The WineWayne Milberger admitted he wants to make wine, not grow grapes. I can respect that. There is a devotion to craft here. And as with every craft, there are lessons to learn and goals to reach. At the end of our journey, we discover our soul. So as one surpasses one test here and makes a mistake there, the journey teaches us about who we are. The work from the grape to the glass, and all of its steps and missteps, helps to make clear who we really are. That journey here is one of Texas.
|Petite Sirah in tank|
And of course, no journey has no perils. One such peril is when the wine escapes. It seems that once, there was a bit too much wine in a tank (considering all the other components and actions going on). As the wine began a new part of the process, it started to move closer and closer to the top edge of the tank. Before long, the wine came gushing out; instead of good 'ol Texas T, Texas W reached towards the very high ceilings and flooded the floor in a rich purple. It must have been an exciting sight and something to remember. A lesson was learned on how much wine to put in a tank and how to handle it so as not to repeat this event. So the Texas gusher taught a good lesson.
|The Kerrville Hills line-up as of Jan. 2013|
Now, I know most Texas wine drinkers will turn away from many a Cabernet Sauvignon or a Merlot; these grapes are not very Texas friendly. And there are others who will only drink 100% Texas. But we have to face facts. Texas only has about 4400 acres of farmable grape land in production (Texas Wine and Grape Growers Association). There are California vineyards that far surpass our state's total acreage. Let's add to that we are #4 on the list for wine consumption -- but only 5th for production (Texas Tech).

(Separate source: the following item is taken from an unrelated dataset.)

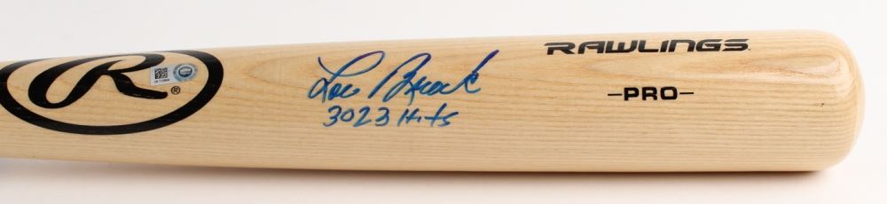Rawlings Pro baseball bat has been hand-signed and inscribed in blue felt-tip pen by Lou Brock (Cardinals, HOF).
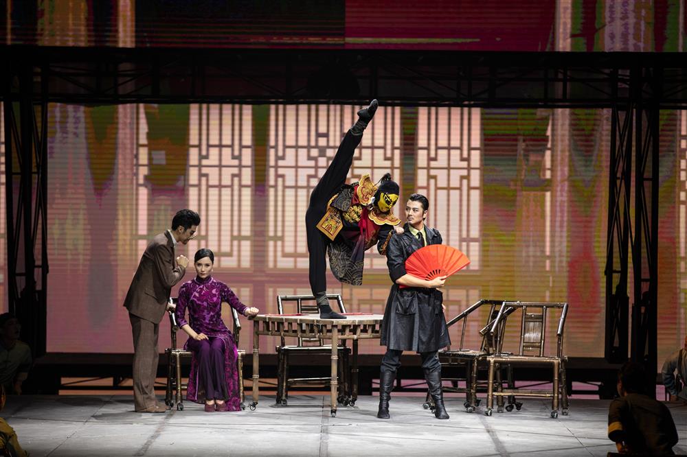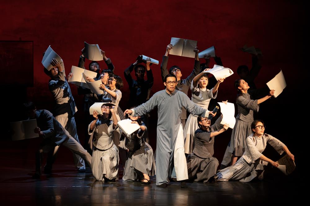 獲獎作品《努力餐》的故事發(fā)生于1930年代日本侵華戰(zhàn)爭時期,以地下革命先驅(qū)車耀先烈士的故事為原型進行創(chuàng)作,講述了一代共產(chǎn)黨人如何在餐樓的掩護下開展革命工作、捍衛(wèi)信仰的生死暗戰(zhàn)。在舞臺呈現(xiàn)上,編導(dǎo)使用了現(xiàn)代化的科技手段去增加光影和道具的變化,例如隱秘印刷《大聲》周刊,宣傳抗日救亡的群舞片段。

These numbers are just not adding up. So we have to look beyond the grape to find Texas wine. There is more to Texas than the land, right? Texas is a state of mind, it is something about the soul. Kerrville Hills has that soul. The wine is imbued with the love and sweat of a Texan winemaker. So maybe the grapes may hail from the land of perfect grape growing weather, but it is here, in Texas, that it is shaped and formed into a new creation. My very writing falls into that same category. The words I use are English -- born in the heart of an other country -- but I can form them to make something uniquely American, very Texan. The same can be said of each bottle of Kerrville Hills wine.